▸ TASK GOAL
Where a line of the listing below includes the word "Friedrich", reproduce that line.

▸ EXTRACTED ENTRIES

· · · ·

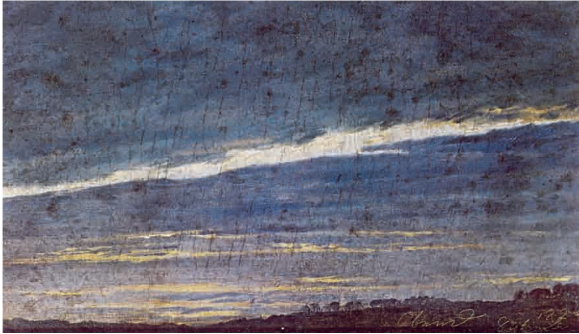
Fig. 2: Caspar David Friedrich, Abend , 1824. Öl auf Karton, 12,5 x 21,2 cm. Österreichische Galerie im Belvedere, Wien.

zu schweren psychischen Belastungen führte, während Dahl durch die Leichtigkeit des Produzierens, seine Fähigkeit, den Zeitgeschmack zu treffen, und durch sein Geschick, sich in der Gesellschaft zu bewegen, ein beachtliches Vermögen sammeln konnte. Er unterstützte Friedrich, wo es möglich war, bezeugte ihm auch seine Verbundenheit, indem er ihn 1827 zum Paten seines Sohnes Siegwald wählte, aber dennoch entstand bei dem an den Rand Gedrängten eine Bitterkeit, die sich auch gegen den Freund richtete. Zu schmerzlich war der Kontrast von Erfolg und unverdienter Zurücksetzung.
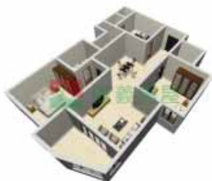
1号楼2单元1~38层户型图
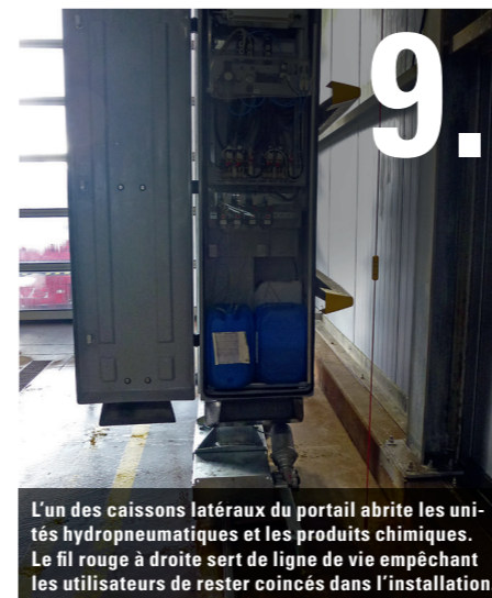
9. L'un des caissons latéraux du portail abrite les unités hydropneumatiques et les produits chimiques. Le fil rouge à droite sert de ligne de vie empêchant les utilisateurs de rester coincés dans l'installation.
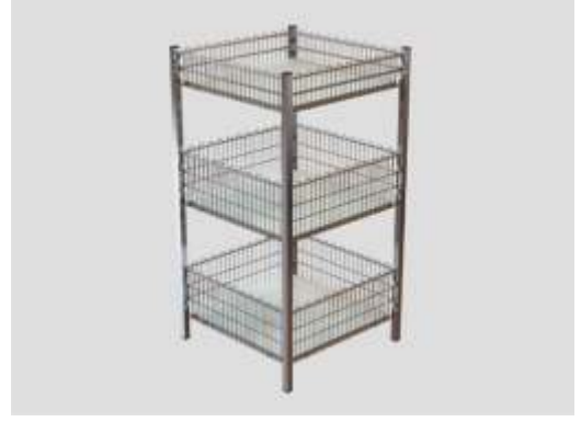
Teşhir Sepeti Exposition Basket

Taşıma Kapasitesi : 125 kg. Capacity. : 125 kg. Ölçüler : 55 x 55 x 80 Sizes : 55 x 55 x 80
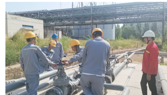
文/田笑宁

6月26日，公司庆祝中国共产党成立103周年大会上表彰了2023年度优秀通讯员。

· · · ·

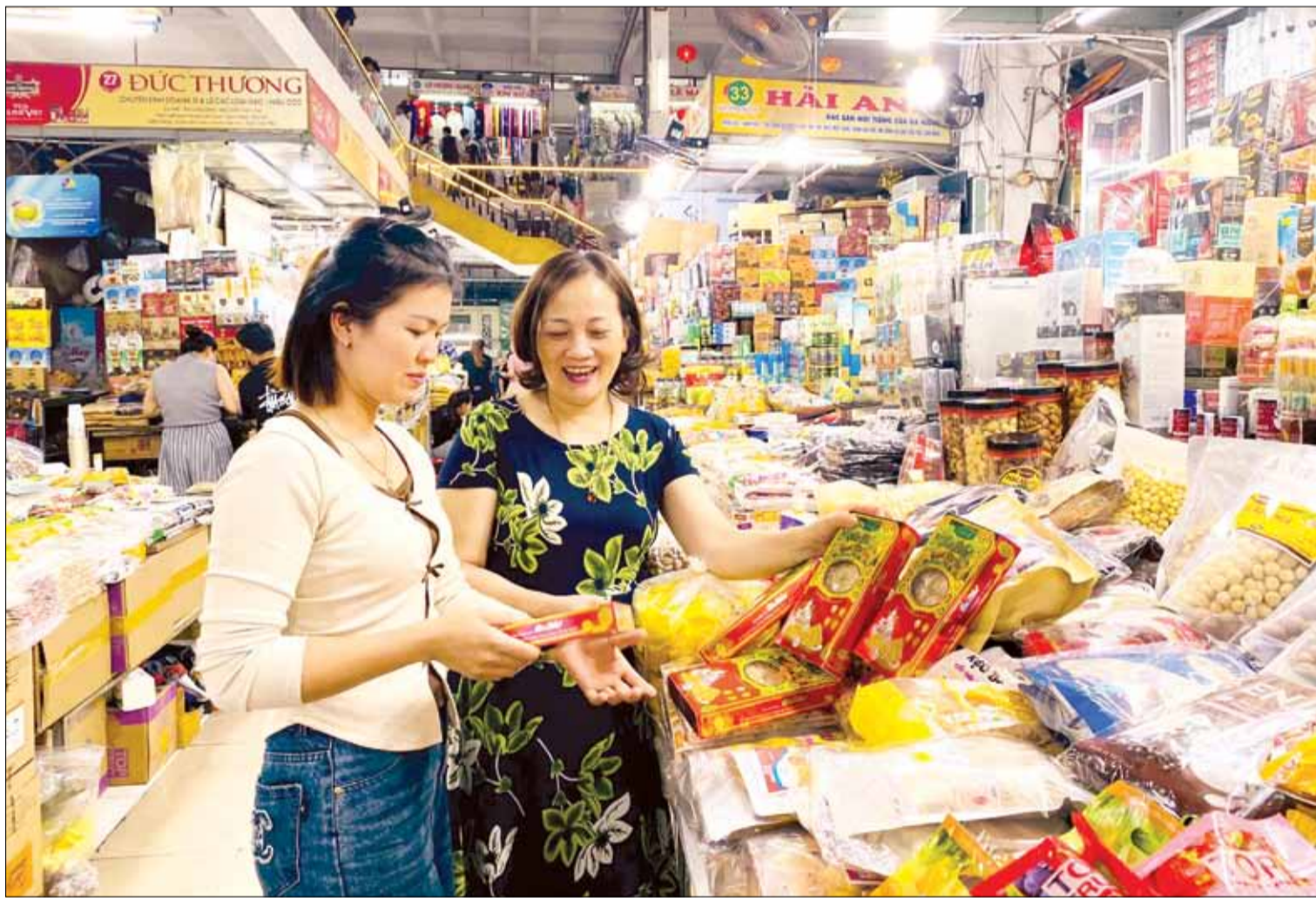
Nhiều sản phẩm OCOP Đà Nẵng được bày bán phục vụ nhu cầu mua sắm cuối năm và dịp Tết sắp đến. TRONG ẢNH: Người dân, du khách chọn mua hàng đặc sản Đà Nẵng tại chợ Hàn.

· · · ·

▸ FINISHED TASK
Fig. 2: Caspar David Friedrich, Abend , 1824. Öl auf Karton, 12,5 x 21,2 cm. Österreichische Galerie im Belvedere, Wien.
zu schweren psychischen Belastungen führte, während Dahl durch die Leichtigkeit des Produzierens, seine Fähigkeit, den Zeitgeschmack zu treffen, und durch sein Geschick, sich in der Gesellschaft zu bewegen, ein beachtliches Vermögen sammeln konnte. Er unterstützte Friedrich, wo es möglich war, bezeugte ihm auch seine Verbundenheit, indem er ihn 1827 zum Paten seines Sohnes Siegwald wählte, aber dennoch entstand bei dem an den Rand Gedrängten eine Bitterkeit, die sich auch gegen den Freund richtete. Zu schmerzlich war der Kontrast von Erfolg und unverdienter Zurücksetzung.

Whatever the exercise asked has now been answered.